It goes without saying that if posts you’ve made on your various social media accounts help prosecutors build a case against you, they’re going to want to use them. You can bet that law enforcement has done everything in its power to review your social media accounts, looking for that evidence.
You’d be surprised what they’ve used, too. We’ve seen items of clothing incriminate people in major crimes before. Social media has been used in everything from DWI cases to murder investigations.
This is usually all too easy as many people don’t keep their information particularly private to begin with. We recommend most people check their privacy settings and ensure most of their posts aren’t available to the general public.
We always advise clients to stay off social media when involved in a criminal case. Nevertheless, simply staying off social media does not guarantee that it won’t be a factor in your case.
Can law enforcement get social media companies to turn over private information?
Social media companies are often quite willing to share information with prosecutors in a criminal case. They usually aren’t so friendly to the defense.
Nevertheless, law enforcement must meet certain criteria in order to get private information. They must generally show there is sufficient likelihood that there will be relevant information to find.
If they’re looking at public information, they may seek proof of ownership to prove the account is yours and not someone else’s, a move they will make in order to prevent defense lawyers like us from using that particular defense.
They must also follow the law when accessing your account. They can’t assume your identity, create a fake account, or hack into your accounts to gain the information. If they do, they may themselves be breaking the law, and as your defense attorneys we can certainly use such behavior to have any relevant evidence suppressed.

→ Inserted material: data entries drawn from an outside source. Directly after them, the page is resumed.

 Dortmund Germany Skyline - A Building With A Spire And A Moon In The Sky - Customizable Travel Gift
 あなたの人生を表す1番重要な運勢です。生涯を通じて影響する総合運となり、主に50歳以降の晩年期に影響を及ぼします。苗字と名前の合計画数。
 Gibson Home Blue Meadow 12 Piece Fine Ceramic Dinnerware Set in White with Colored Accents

Should I delete all my social media posts?
No. What’s already out there is out there.
If you try to delete content you may be accused of tampering with the evidence, which can lead to additional criminal charges. You can be charged with tampering with the evidence even if you are acquitted for the original crime.

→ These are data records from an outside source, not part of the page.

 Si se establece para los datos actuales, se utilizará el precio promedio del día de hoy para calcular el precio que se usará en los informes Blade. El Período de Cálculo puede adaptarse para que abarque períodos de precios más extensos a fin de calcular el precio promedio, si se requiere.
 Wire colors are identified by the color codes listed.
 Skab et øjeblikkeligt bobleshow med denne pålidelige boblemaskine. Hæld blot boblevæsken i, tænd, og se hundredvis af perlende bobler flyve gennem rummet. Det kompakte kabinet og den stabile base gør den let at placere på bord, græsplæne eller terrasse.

In fact, law enforcement may present social media companies with preservation requests to “snapshot” certain content at certain times specifically to make sure they can get your information before you delete it. They have to obtain a warrant to do so, of course, but once you’ve been charged this generally won’t be very hard.
Do social media posts ever help the defense?

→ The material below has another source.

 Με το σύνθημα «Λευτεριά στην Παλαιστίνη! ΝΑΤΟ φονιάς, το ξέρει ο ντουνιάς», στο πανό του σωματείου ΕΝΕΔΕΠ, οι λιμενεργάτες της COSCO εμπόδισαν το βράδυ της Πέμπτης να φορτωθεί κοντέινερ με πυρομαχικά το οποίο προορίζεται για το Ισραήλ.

Of course. We’ve found exculpatory evidence in all sorts of cases.
In fact, we recommend sharing your social accounts with us so we can search for any evidence which might help.
For example, if the prosecution is complaining you are at Location A at Time A and we can show you were at Location B at that same time simply by pulling up a time and date stamped photo, then we have a great alibi for you.
You should also tell us if you are “friends” with any of the witnesses, as their own social media accounts could provide interesting information as well.